If you’ve made it this far, thanks for following my stumbles. I certainly didn’t think it would be so difficult when I started out. Hopefully, I’ve been able to give you a head start in understanding some of the fundamental routing differences between ASP.NET Web API and MVC.
Hope this helps.
Thanks for the post. So far, you’re the only one to attempt to explain this. I wanted to have routes similar to:
/Services/Filings/225-5
/Services/FilingsByItemNo/5
But I could not get this to work. In some ways I think the “Conventions” make this much more difficult than it should be. So, how I finally got this working was changing.
my route definition:
config.Routes.MapHttpRoute(
name: “DefaultApi”,
routeTemplate: “Services/{action}/{id}”,
defaults: new { controller = “Services”, id = RouteParameter.Optional }
);
my controller actions:
public class ServicesController : ApiController {
[HttpGet]
public string Filings(string id) {
return “Filings: ” + id;
}
[HttpGet]
public string FilingsByItemNo(string id) {
return “FilingsByItemNo: ” + id;
}
}
Still not sure if this is the way to do this but it appears to work. And makes the most sense to me. Thanks for helping me get there.
Hi Darren,
Glad to hear the post helped you. Your code looks good for achieving what you want, but you might not want to overwrite the “DefaultApi” route definition. In my example, I added a new route to be able to handle an “{action}” value while leaving the original “DefaultApi” route alone.

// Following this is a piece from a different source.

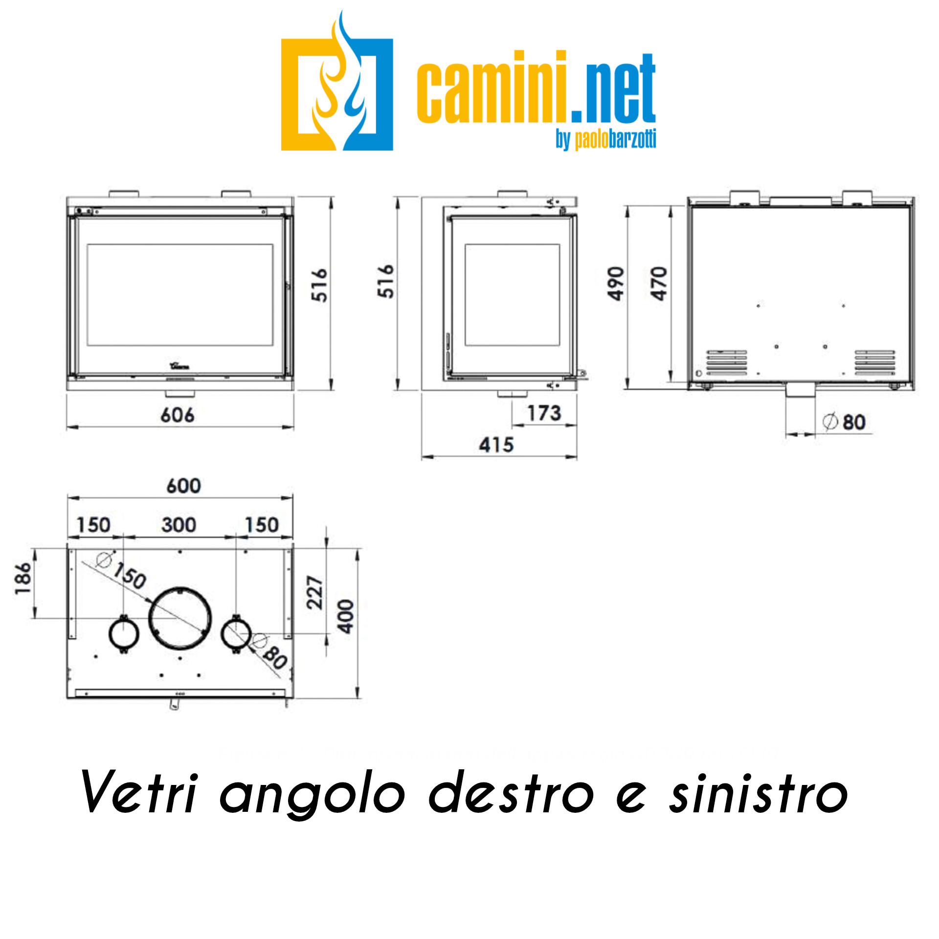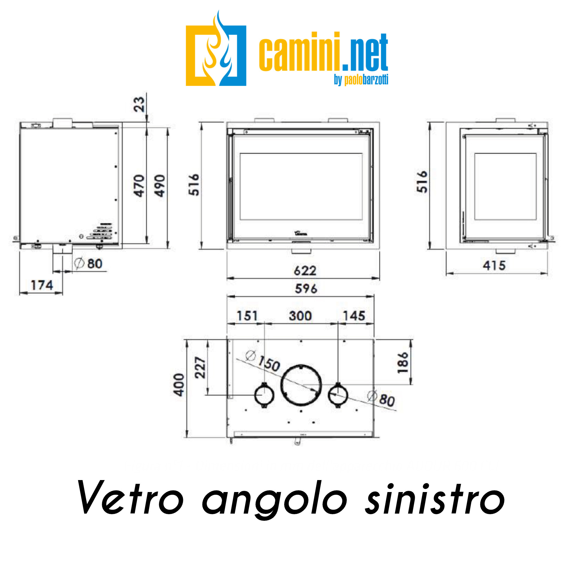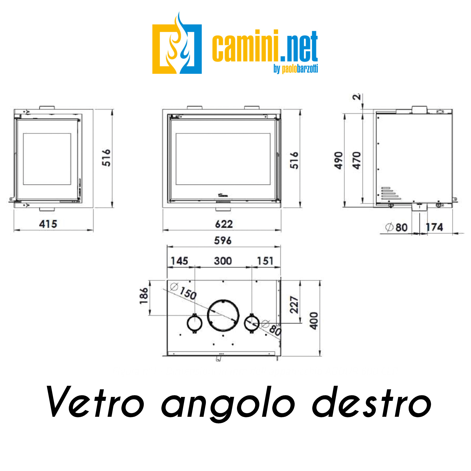 L’inserto a legna Adour 60 è disponibile in 3 versioni: – Con vetro angolare a sinistra, – Con vetro angolare a destra, – Con vetri angolari a destra e a sinistra. Questo inserto è provvisto di un ampio vetro frontale, che garantisce una visione di fiamma ampia. La struttura realizzata in acciaio ospita una camera di combustione realizzata in vermiculite, che permette di raggiungere una potenza nominale di 7,0 kW. L’altezza ridotta di questo inserto, appena 49 cm, consente di adattarlo a qualsiasi struttura esistente, anche grazie ai suoi piedini regolabili. Nella parte posteriore dell’inserto trova spazio un potente motore dedicato alla ventilazione, che può essere scollegato all’occorrenza.

Conventions can trip people up, but in my experience, they’re much preferred over configuration once you learn them. Of course it’s that “learning” process which can be a bit painful.

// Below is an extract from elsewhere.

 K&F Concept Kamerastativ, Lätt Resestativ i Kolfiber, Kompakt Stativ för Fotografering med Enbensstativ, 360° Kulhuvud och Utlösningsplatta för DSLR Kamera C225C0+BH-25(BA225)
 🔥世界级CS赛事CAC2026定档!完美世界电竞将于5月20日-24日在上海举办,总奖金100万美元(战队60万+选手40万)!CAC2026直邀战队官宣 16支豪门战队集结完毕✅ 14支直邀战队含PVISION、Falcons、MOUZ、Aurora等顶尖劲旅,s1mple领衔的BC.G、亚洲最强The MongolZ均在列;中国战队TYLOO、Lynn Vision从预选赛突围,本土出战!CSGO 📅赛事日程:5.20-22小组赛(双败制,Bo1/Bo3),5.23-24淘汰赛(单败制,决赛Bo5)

One controller is a standard MVC controller and the other is a Web API based controller.
ASP.NET MVC controller, we can use a class that derives from this attribute to further control which methods are candidates for handling the request, but you can’t do this with a Web API controller.
Hi Mark Berryman
It appears that you have totally misunderstood the whole concept of REST and Web Api.
You’re confusing REST with RPC as in “WCF” or similar. MVC-routing somewhat is a hybrid between RPC and REST, but still extremely far away from the message based pattern that MVC originally was targeted at.
Web Api is in fact one of the best approaches we’ve seen from Microsoft in the latest many years when it comes to messaging.
Why are ApiControllers even called “Controllers” at all? Its a terrible choice of name – they aren’t controllers in the traditional sense of the word.